Adaptive designs are increasingly used in clinical trials and online experiments to improve participant outcomes by dynamically updating treatment allocation as data accumulate. In practice, experimenters often consider multiple candidate designs, each with distinct trade-offs. However, typically only one design is implemented at a time, leaving benefits and costs of alternative designs unobserved and unquantified. To address this, we propose a novel meta-level adaptive design framework that enables real-time, data-driven evaluation and selection among candidate adaptive designs. Specifically, we define a new class of causal estimands to evaluate adaptive designs and propose Targeted Maximum Likelihood Estimators for these estimands. These estimators are asymptotically normal while accommodating dependence in adaptive-design data without parametric assumptions, enabling online selection among candidate designs. We further apply this framework to a motivating example where multiple surrogates of a long-term outcome are considered for updating randomization probabilities in adaptive experiments. Unlike existing surrogate evaluation methods, our approach comprehensively quantifies surrogates' utility to accelerate detection of heterogeneous treatment effects, expedite updates to treatment randomization, and improve participant outcomes, facilitating dynamic selection among surrogate-guided designs. Overall, our framework provides a unified approach for evaluating opportunities and costs of various adaptive designs and guiding real-time decision-making in adaptive experiments.

Editorial analysis

A structured set of objections, weighed in public.

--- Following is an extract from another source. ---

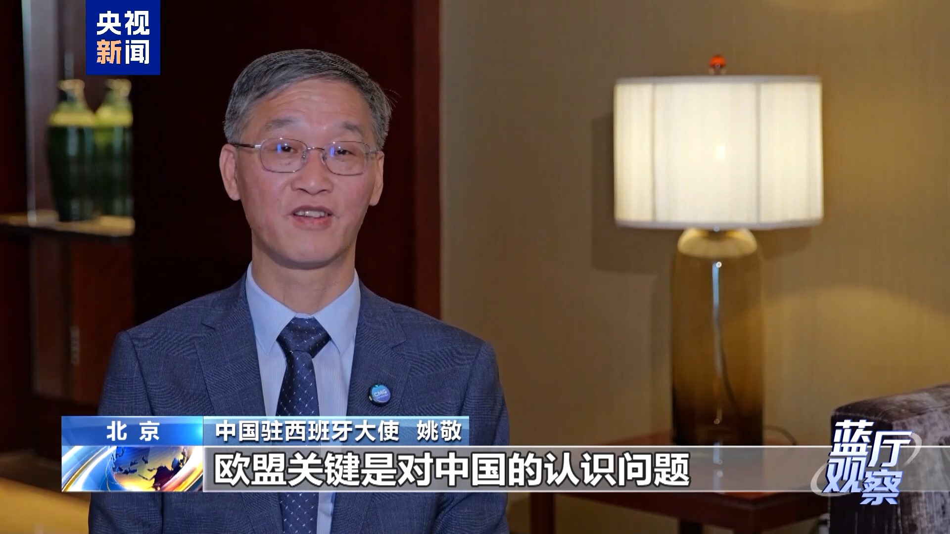 中国驻西班牙大使 姚敬:欧盟关键是对中国的认识问题,就是怎么看待中国的发展跟它自身的利益。我觉得像西班牙这样的国家,它秉持的是一种开放、合作的态度,因为它看到中国的发展是一个机遇。欧盟作为一个国家集合体,它的利益取决于成员国的利益,成员国的呼声、成员国的要求、成员国的对华态度,我觉得某种程度上应该成为欧盟机构认真考虑的一个问题。所以我们希望通过这样的双边交往,能够推动中国和欧盟的关系整体有一个积极的发展。

Desk editor's note, referee report, simulated authors' rebuttal, and a circularity audit. Tearing a paper down is the easy half of reading it; the pith above is the substance, this is the friction.

Referee Report

2 major / 1 minor

Summary. The paper proposes a meta-level adaptive design framework for real-time, data-driven evaluation and selection among multiple candidate adaptive designs. It defines a new class of causal estimands for this purpose and develops Targeted Maximum Likelihood Estimators (TMLE) asserted to be asymptotically normal while accommodating dependence in adaptive-design data without parametric assumptions; the framework is applied to surrogate-guided designs to quantify their utility for detecting heterogeneous treatment effects and improving outcomes.

Significance. If the asymptotic normality and valid inference results hold under the dependence induced by adaptive randomization and online selection, the work would supply a unified, non-parametric tool for comparing the benefits and costs of alternative adaptive designs in clinical trials and online experiments, extending TMLE theory to meta-level design evaluation and surrogate assessment.

major comments (2)
  1. [Abstract] Abstract: the claim that the TMLE estimators 'are asymptotically normal while accommodating dependence in adaptive-design data without parametric assumptions, enabling online selection among candidate designs' is load-bearing for the entire framework, yet the manuscript provides no derivation, proof sketch, or simulation evidence that the influence-function remainder vanishes at the required rate once the same running estimates are used for data-dependent design switching.
  2. [Abstract] Abstract (and motivating example paragraph): the online selection step among surrogate-guided designs creates a regime-switching or stopped process whose effect on the asymptotic expansion is not automatically controlled by standard TMLE results for fixed or slowly varying nuisances; no analysis addresses whether the additional layer of dependence preserves asymptotic linearity.
minor comments (1)
  1. The abstract refers to 'a motivating example' and 'simulation results' implicitly through the framework's application, but no concrete numerical results, tables, or figures are described in the provided text to illustrate performance.

Simulated Author's Rebuttal

2 responses · 0 unresolved

We thank the referee for the constructive and insightful comments on our manuscript. We address each major comment below in a point-by-point manner and commit to revisions that strengthen the presentation of the asymptotic results without altering the core contributions.

read point-by-point responses
  1. Referee: [Abstract] Abstract: the claim that the TMLE estimators 'are asymptotically normal while accommodating dependence in adaptive-design data without parametric assumptions, enabling online selection among candidate designs' is load-bearing for the entire framework, yet the manuscript provides no derivation, proof sketch, or simulation evidence that the influence-function remainder vanishes at the required rate once the same running estimates are used for data-dependent design switching.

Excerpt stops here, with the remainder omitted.